On the state level, interventionist policies also persisted. Victoria maintained its ban on fracking and CSG, even as it lifted a moratorium on conventional onshore gas in 2021 to allow some new supply under strict conditions. New South Wales, after approving Narrabri, ensured that gas from that project (if and when it flows) will be reserved entirely for domestic use — a sort of project-specific reservation akin to what Queensland had started doing for certain acreage releases. Queensland itself, while proudly pro-LNG, began carving out new gas blocks that are conditioned for domestic-only sales, effectively creating a partial reservation policy by stealth. These moves show states trying to balance the lure of export revenue with the need to mollify domestic consumers and voters. Western Australia, for its part, doubled down on enforcement of its reservation policy as new projects came online, and thanks to that policy, WA largely avoided the east coast’s crisis — a fact frequently cited in policy debates.
Fiscal drivers became more explicitly part of gas policy in the 2020s as well. Governments, facing budget pressures, looked to the booming gas sector for additional revenue. In 2023 the Labor federal government announced reforms to the Petroleum Resource Rent Tax (PRRT) to “increase the tax paid by the offshore LNG industry” and bring forward roughly A$2.4 billion in revenue over four years. The change, which limits certain tax deductions, was justified on grounds that LNG projects had been paying minimal PRRT and needed to contribute their fair share sooner. Politically this was an easier sell amid reports of record export earnings, but it was not without controversy — industry leaders lobbied against overreach, warning that higher taxes could “undercut future revenue and choke off investment needed to increase supply”.

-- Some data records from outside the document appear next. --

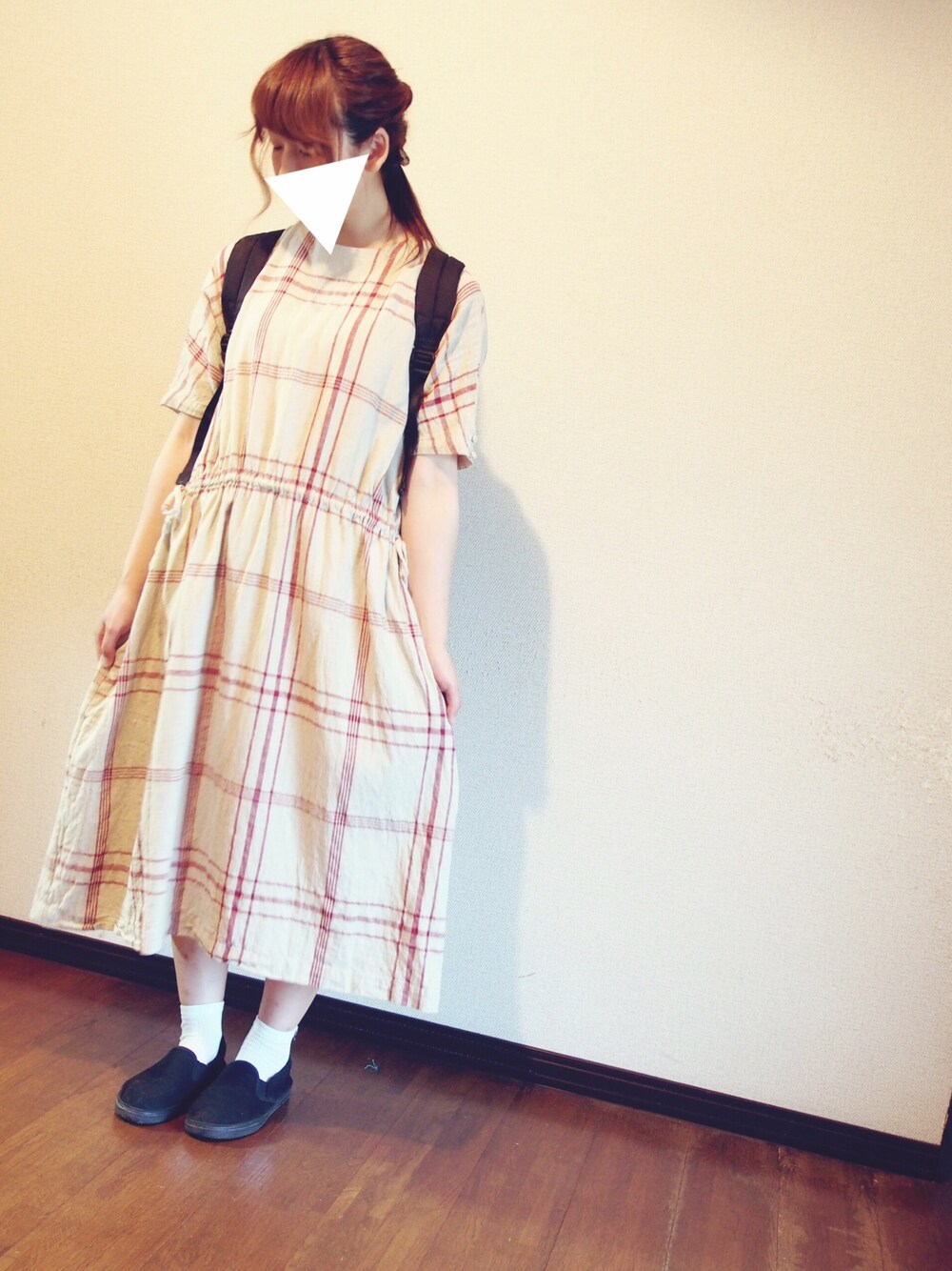 kanaのワンピース「cdc 綿麻アソート おっきなチェックワンピース」を使ったコーディネート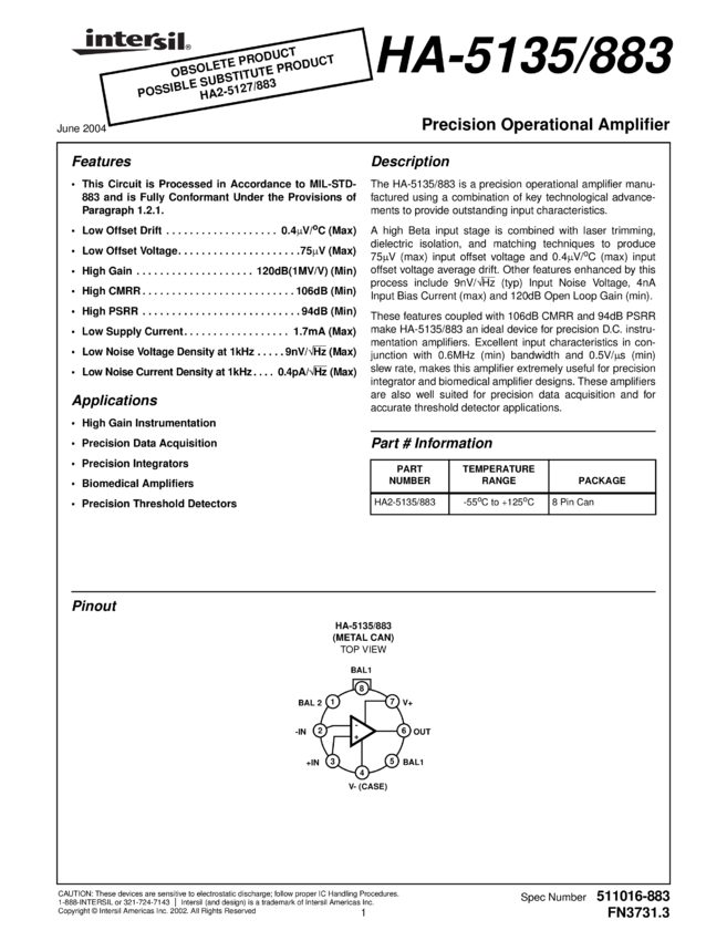 63MHz, Ultra-Low Noise Precision Operational Amplifier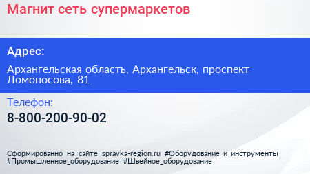 Магнит, сеть супермаркетов по адресу Архангельская область, Архангельск, проспект Ломоносова, 81 в дальнейшем Организация, размещена в следующих категориях:
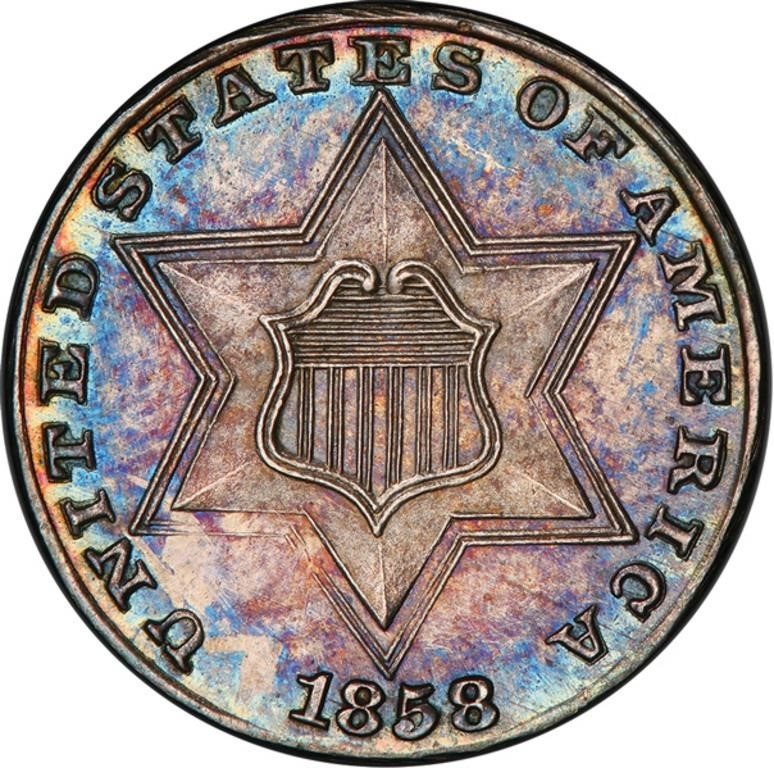 A borderline GEM caliber example of this popular early date Proof 3 cent silver. Only about 100 Proofs were struck of this first year that Proofs were made for general public sale to collectors and this one is wonderfully preserved and totally original. A watery reflective mirrored finish to the fields beam boldly gives this lovely coin a great look, accenting the dappled multi-hued pastel tones. The eye appeal is fabulous. Only 100 Proofs were struck. PCGS 40, NGC 39, CAC 8. The most recent example to sell was the Dale Friend Collection coin that we sold in April 2022 for $4,348. The current PCGS Price Guide value is listed at $5,250 and the CAC CPG value is listed at $5,100. Quite scarce finer. Good luck. Cert. Number 42131041 PCGS # 3705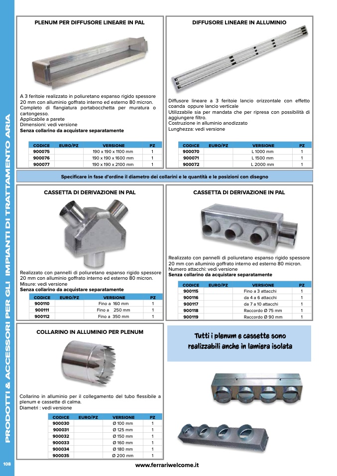 realizzabili anche in lamiera isolata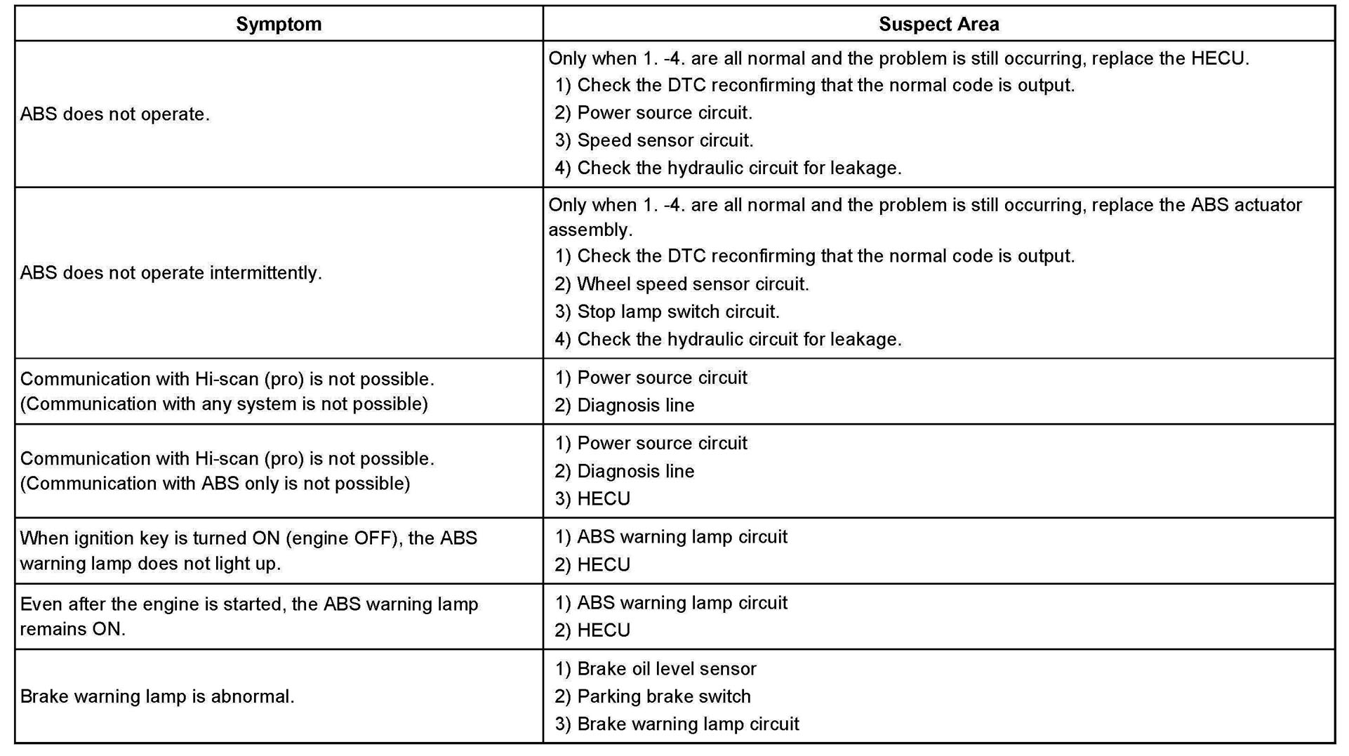 PROBLEM SYMPTOMS TABLEIf a normal code is displayed during the DTC check but the problem still occurs, check the circuits for each problem symptom in the order given in the table and proceed to the relevant troubleshooting.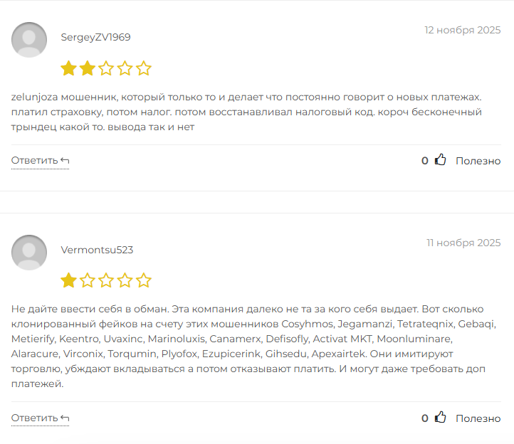 Пользователи предупреждают о фальшивой торговле. Заработать здесь не получается. Брокер только имитирует сделки. Убеждает вкладывать больше. Отзывы о сотрудниках Zelunjoza тоже негативные. Поддержка игнорирует все запросы. В конце отказывает в выплатах под любыми предлогами.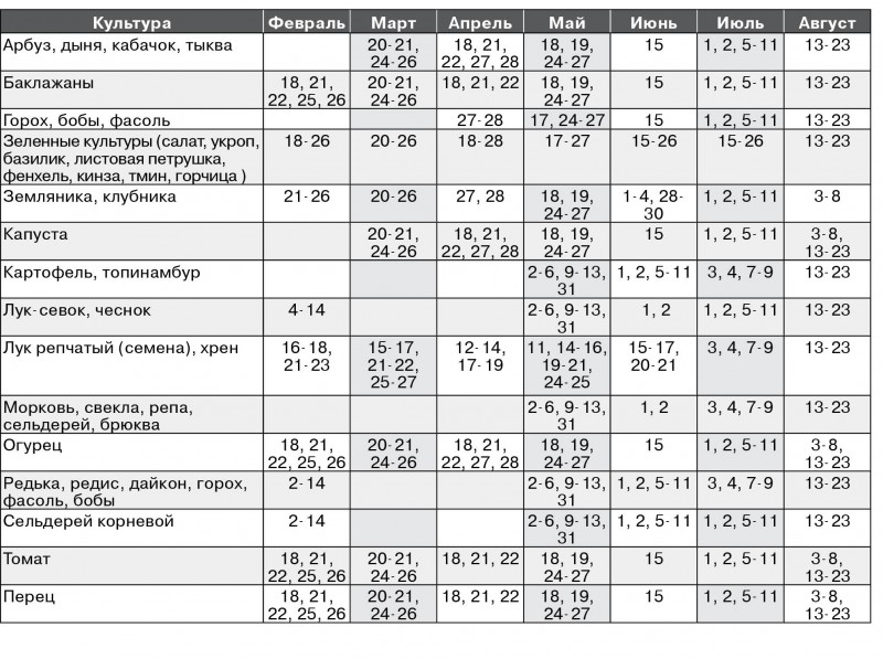 Томаты для теплицы сеем февраля до середины марта. А для открытого грунта с марта до апреля. Перцы и баклажаны – с февраля до середины марта. Капусту белокочанную раннюю – начиная с середины марта. Цветную и остальные – с конца марта. Лук - с февраля до середины марта. Землянику – февраль-март. Сельдерей – с февраля до апреля. Огурцы, арбузы, дыни – середина апреля. Картофель семенами – март-апрель. Петуния – с февраля по апрель. Многолетние цветы – декабрь-февраль.

The government proceeded, calculating that the fiscal upside and public favour from reclaiming resource rents outweighed the risks. State treasuries likewise reaped windfalls from royalties as gas prices spiked; for example, Queensland’s LNG royalties hit record highs in 2022–23, bolstering its budget surplus (a fact not lost on its government as an incentive to keep gas exports flowing). These fiscal motivations often underlie political rhetoric: a government keen on gas development might emphasise jobs and energy security, but the allure of billions in royalties/taxes can be a silent driver for supporting new gas fields or export approvals — or conversely, a target for intervention when public coffers seem shortchanged.
References
Reuters – LNG trade record 2020 (confirming Australia became world’s largest LNG exporter in 2020)
Wikipedia – North West Shelf Project history (noting early 1970s discoveries and scale of investment by late 1980s)
Nat. Library of Australia – Moomba-Sydney Pipeline (construction by Pipeline Authority, completed 1976)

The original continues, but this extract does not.